Monday, 20 May 2013

Battle of the Bulge 1 - Malmedy, Stavelot and Trois Ponts

Finished up today in the Ardennes and went through a few towns that had a dramatic few days in December 1944 as the Germans launched a last desperate assault in the West.

Quick precis of the the Battle of the Bulge as it became known.

The Allies had broken out of Normandy in later summer. Paris and Brussels are liberated. The attempt to secure a crossing over the Rhine using airborne troops has been a tragic failure - a 'Bridge Too Far'. It is winter, the allied supply lines are stretched, the feeling is nothing much will happen until the spring.

Then we get the last mad gamble of the increasingly out-to-lunch Adolf Hitler. He plans an attack that will split the British and American forces, drive all the way to the Channel at Antwerp and somehow force the Allies to negotiate armistice terms. At this point it is fairly safe to say he had lost the plot entirely.

Despite this the Germans were able to muster an impressive amount of men and tanks. They lacked fuel. Part of the plan was to 'liberate' fuel from captured American fuel dumps. As I say he had lost it.

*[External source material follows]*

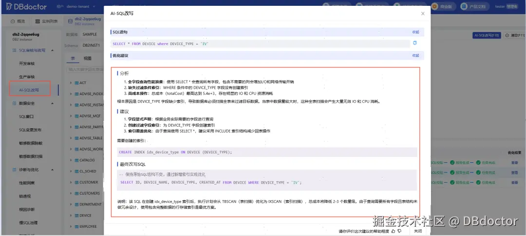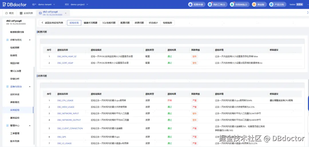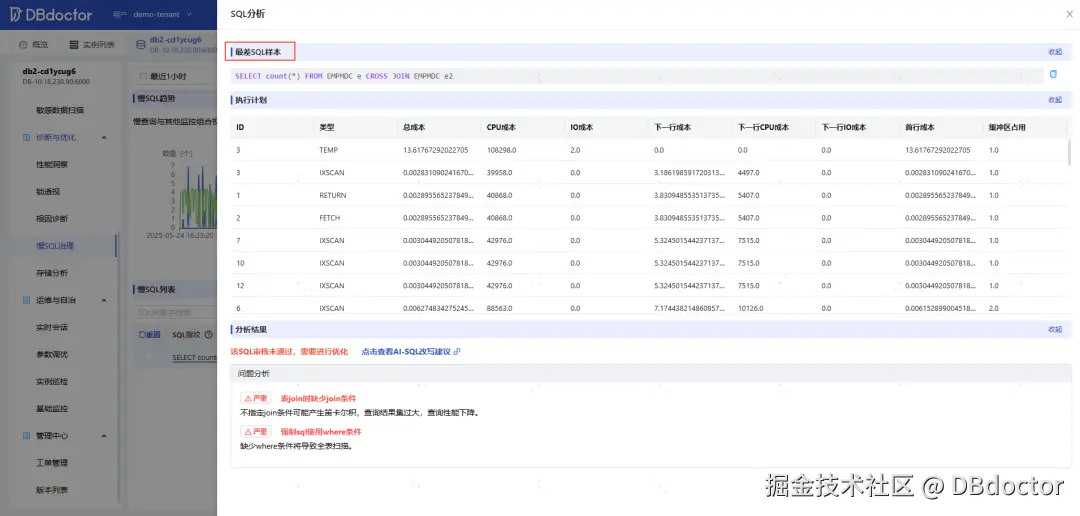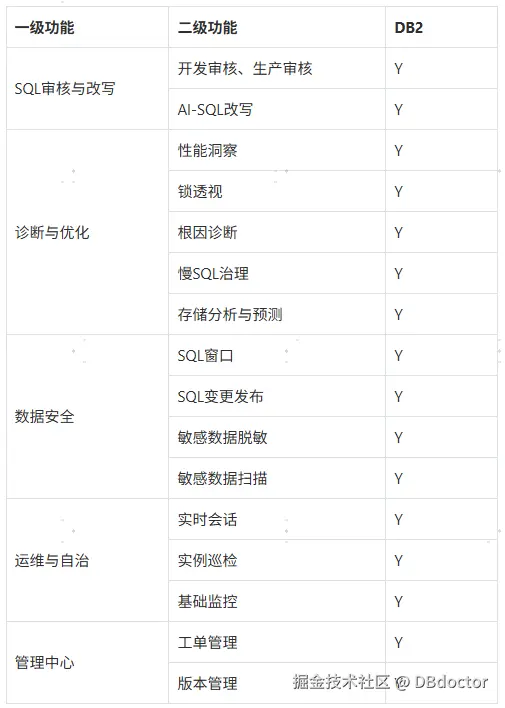当前DBdoctor 适配DB2 10.5及以上版本,并提供SQL审核、AI-SQL改写、性能洞察、根因诊断、实例巡检、基础监控、存储分析、数据安全等功能服务。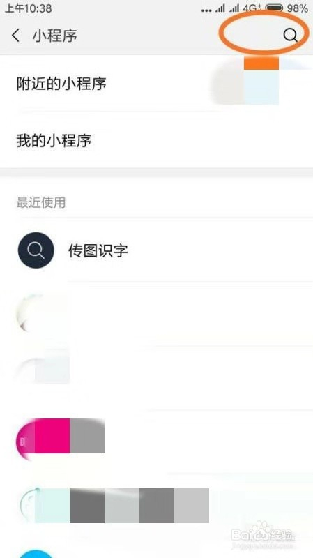 打开小法式后,若是没有利用过“传图识字”,可以点击“放年夜镜”进行搜刮“传图识字”进行添加,如图所示:

The other part of the plan I should mention is that is through some of the worst terrain possible for conducting mechanised warfare. Steep, wooded hillsides. Single track roads. Bridges at key points that can be blown up.

At least they had surprise on their side - as this was truly bonkers no-one was expecting it. Oh yes and it was snowing.

http://en.wikipedia.org/wiki/Battle_of_the_Bulge

I will pick up one key story line from the battle - that of Kampfgruppe (battle group) Peiper and it's thwarting by the US engineering corps.

Peiper's battlegroup was a strong one - lots of tanks including really big ones like the Tiger 2. It had lots of specialist support too - engineers, anti-aircraft guns etc. Only problem was they all had to go one behind the other pretty much along the single track roads in the Ardennes. Starting from close to Germany their objective was the Meuse river. It went a bit wrong from the start with huge traffic jams on the roads. In good conditions his 5000 man group would take up 10 miles of road. Eventually they got as far as Bullingen and then rather surprisingly turned southwest to Stavelot. To get there they would have to go through Malmedy. And overlooking Malmedy is the crossroads at Baugenz. Peiper's advance elements surprised a column of American troops. Many were killed in the initial onslaught. Others surrendered. They were later shot. A total of around 80 died - either in the initial fight or in the massacre afterwards.


This is the monument today to the those who lost their lives in this infamous action.

Peiper's battlegroup battled on down and the up the valley through Malmedy and into Stavelot. There were heroics here from small groups of American personnel who delayed the advance against overwhelming odds. It gave the Americans at Trois Ponts just enough time.

The name is for 'three bridges' and without them intact Peiper and his group were going nowhere. There was a desperate action in the village - you enter through a narrow cutting in the railway embankment. One Nazi tank was knocked out here almost blocking the road. Another one forced its way past. Just enough time was bought by this to allow the US engineers to blow one of the bridges. Peiper's group had to try for the other crossings - but suddenly these were blown up too!

He had no option but to retrace his route back to Stavelot and another way to the Muese.

The rebuilt bridge over La Salm at Trois Ponts.

Peipers on going efforts to find bridges to take his tanks were dogged by the US engineers and their just in time efforts to blow them up!

There are more incidents after this one.